Maybe this guy will cheer you up.

Cao was born in Vietnam but immigrated to the United States at age 8 with his older sister and younger brother. The Communists had jailed his father after the fall of Saigon in 1975, and Joseph was raised by an uncle in Houston where he attended middle and high school and was eventually reunited with his parents. Joseph attended Baylor University in pre-med, where he met a Catholic chaplain who introduced him to the Society of Jesus.

He entered the Jesuits in 1990, spending two years in the novitiate in Grand Coteau, Louisiana. While working as a Jesuit in Mexico he had an experience that led him out of the Order and into the world of politics.
“I went all over the world to work with the poor and experienced a crisis of faith in Mexico over human suffering and God. I asked my spiritual director, ‘What is God doing about all this suffering?’ He told me that ‘God sends people to help.’ That was when I began to realize my calling was politics.”
Cao earned his M.A., in philosophy at Fordham University and spent a year teaching ethics at Loyola University, but left the Jesuits in May 1996. He earned a law degree and continued teaching at Loyola before he began his legal career as an associate at the Waltzer Law Firm. Cao left Waltzer to become in-house counsel for Boat People SOS.

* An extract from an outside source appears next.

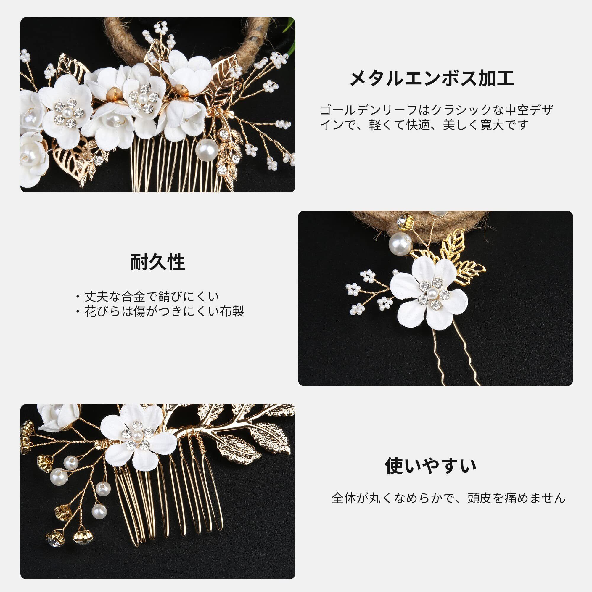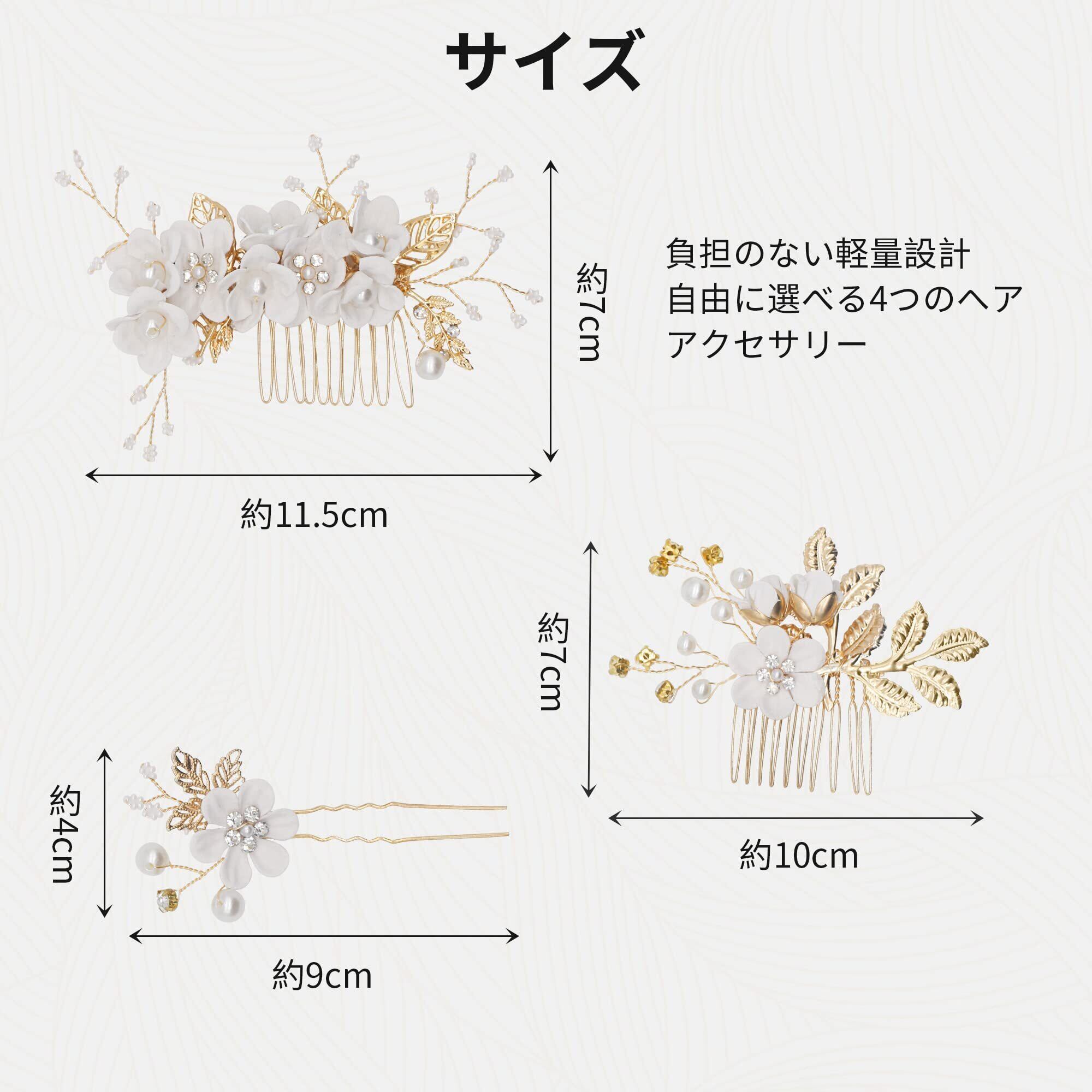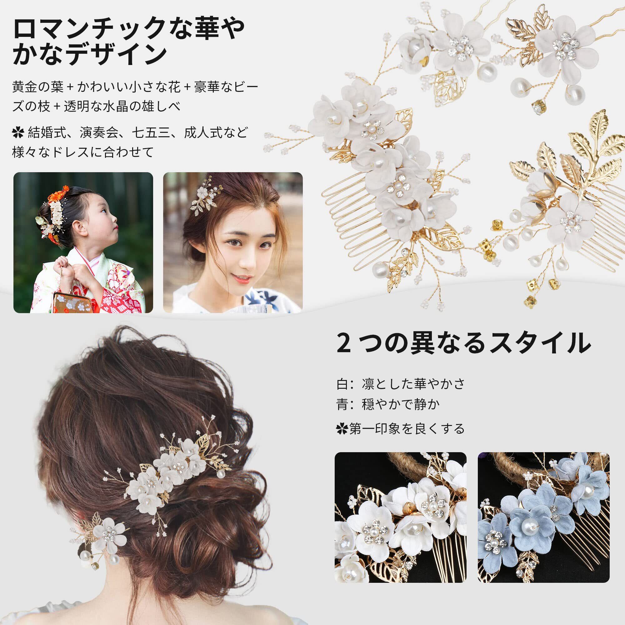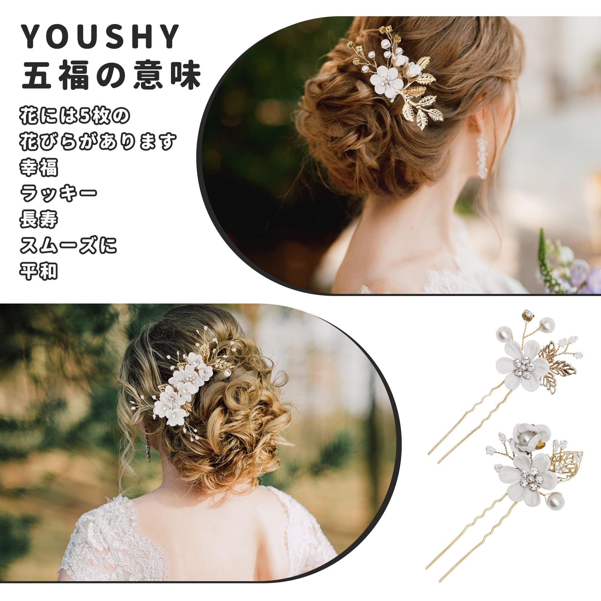 YOUSHY ヘアアクセサリー 結婚式 お呼ばれ 髪飾り 浴衣 着物 髪飾り 花 ヘッドドレス パール フラワー コーム Uピン ヘアピン かんざし ウェディングにも 成人式 七五三 披露宴 パーティー 入学式 和装 髪飾り(ホワイト)

Cao lost his bid in 2007 to become a state representative in his home state, but he wasn’t discouraged. “I have a deep faith, and I believe that I am called to public service.”
Running against an entrenched incumbent doesn’t faze Cao. “The election of Barack Obama suggests that people are willing to cross party and racial lines to vote for the person they think is best for the country and will bring accountability back into politics.”